> **WHAT IS BEING ASKED**
Your copy should contain exactly the lines from the one that holds "Western blot of" through the end of the material, reproduced as written, with no pictures.

═════ DATA SEGMENT

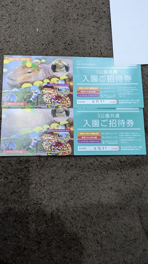 - 【3公園共通】【2名迄可】伊豆シャボテン動物公園・伊豆ぐらんぱる公園・ニューヨークランプミュージアム&フラワーガーデン入園ご招待券
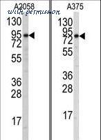 Western blot of anti-Autophagy APG9L1 Antibody in A2058 and A375 cell line lysates (35 ug/lane). APG9L1(arrow) was detected using the purified antibody.
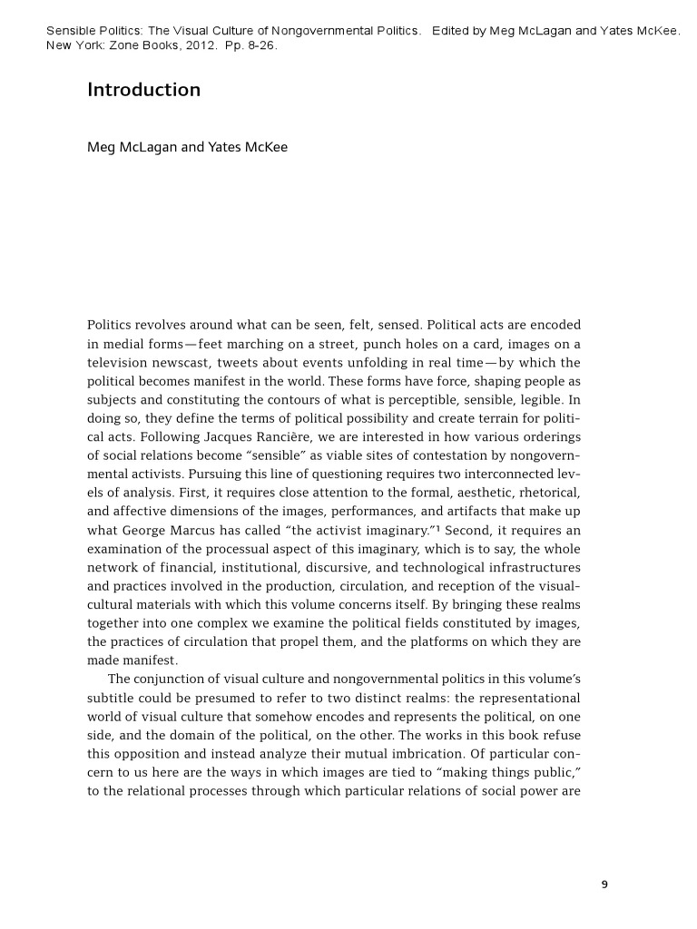 Yates McKee, Nongovernmental Politics (New York: Zone Books, 2007), p. 14.

══════════

> **EXPECTED ANSWER**
 Western blot of anti-Autophagy APG9L1 Antibody in A2058 and A375 cell line lysates (35 ug/lane). APG9L1(arrow) was detected using the purified antibody.
 Yates McKee, Nongovernmental Politics (New York: Zone Books, 2007), p. 14.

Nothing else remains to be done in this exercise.